Conversely, the observed findings could reflect differences in reporting due to dynamic changes in sociocultural norms and patient perception of stigmatized conditions. Important sociological changes occurred between the time of PCOS enrollment (1994–1995) and CEASAR enrollment (2011–2012) that may have contributed to the significant between-study differences. The approval of sildenafil coincided with the relaxation of the US Food and Drug Administration regulations on DTC advertising in 1997. This resulted in considerable investment in DTC marketing during the late 1990s through the first decade of the 21st century [1,5]. Proponents of DTC advertising contend that the practice serves to educate patients, promotes adherence, and enhances the patient–physician relationship [26]. Opponents of the practice believe that DTC advertising encourages inappropriate prescribing practices, promotes overdiagnosis, and ultimately increases health care costs with no net benefit to society [15,17,18].
It is possible that both medicalization and stigma reduction have resulted in the observed study findings. Medicalization and stigma reduction refers to the phenomenon by which “previously non-medical problems are defined and treated as medical problems, usually in terms of illnesses or disorders” [19]. The past two decades have certainly witnessed the medicalization of ED. Stigma reduction in ED was largely accomplished through recategorization [5]. One of the principal components of stigma is a separation between the stigmatized (“them”) from the rest of the population (“us”) [27]. Recategorization refers to the process by which media contact repositions people from “them” to “us,” thereby reducing stigma associated with the condition of interest [5]. Public exposure to DTC advertising through prominent public figures including US senator and presidential candidate Bob Dole and the professional American football player Tony Siragusa may have indeed resulted in recategorization. The effect of celebrity promotional campaigns is well described. Cram et al reported an increase in colonoscopy rates after Katie Couric’s televised colorectal cancer awareness campaign [28], and Nattinger et al described changes in breast cancer practice patterns that the authors attributed to Nancy Reagan’s public battle with breast cancer [29].

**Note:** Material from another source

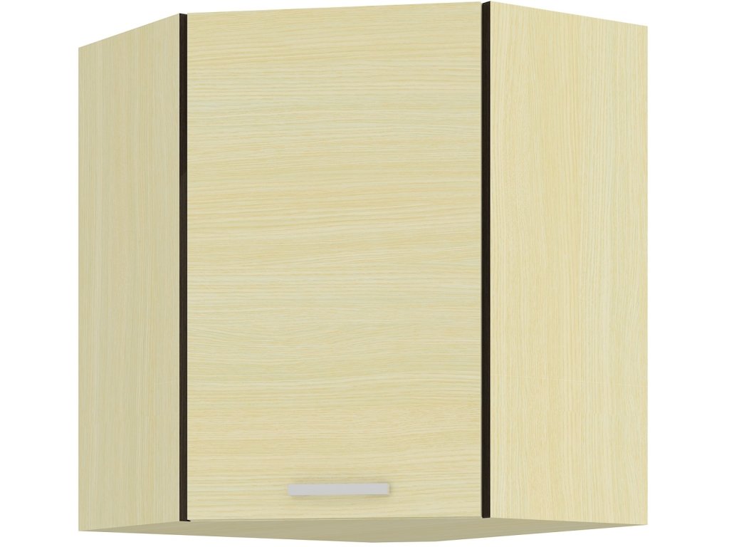 Horní skříňka rohová CHAMONIX II vyrobená z kvalitního lamina. Korpus i dvířka jsou v barvě dub ferrara. Rozměry skříňky - šířka 59 x 59 cm, výška 71,5 cm, hloubka 31 cm. Úchyty jsou z plastu. V naší nabídce naleznete další výběr skříněk k sestavení celé kuchyně.Doplňkové parametry

The current study suggests that the reporting of ED and urinary incontinence has increased from 1994–1995 to 2011–2012. It is possible that stigma reduction has resulted in increased reporting of pretreatment sexual and urinary dysfunction, raising the possibility of underreporting of baseline dysfunction in historical studies of prostate cancer patient–reported outcomes and thus overestimation of treatment-related morbidity. Given the inclusion of treatment-related harms in formulating the US Preventive Services Task Force recommendations surrounding prostate cancer screening [30], identifying dynamic changes in pretreatment urinary and sexual dysfunction is an essential component of estimating the burden of population-level harms attributable to prostate cancer treatment.
These findings are of paramount importance when considering the use of PROs in comparative effectiveness research. Specifically, the use of historical data may not accurately reflect the contemporary landscape and, as such, may result in considerable bias when evaluating differences in PROs over time. The current study suggests that exogenous societal factors may influence reporting of baseline function among men with prostate cancer. Our study findings underscore the need for longitudinal data analysis and raise significant concerns about the use of cross-sectional study designs in the evaluation of comparative effectiveness.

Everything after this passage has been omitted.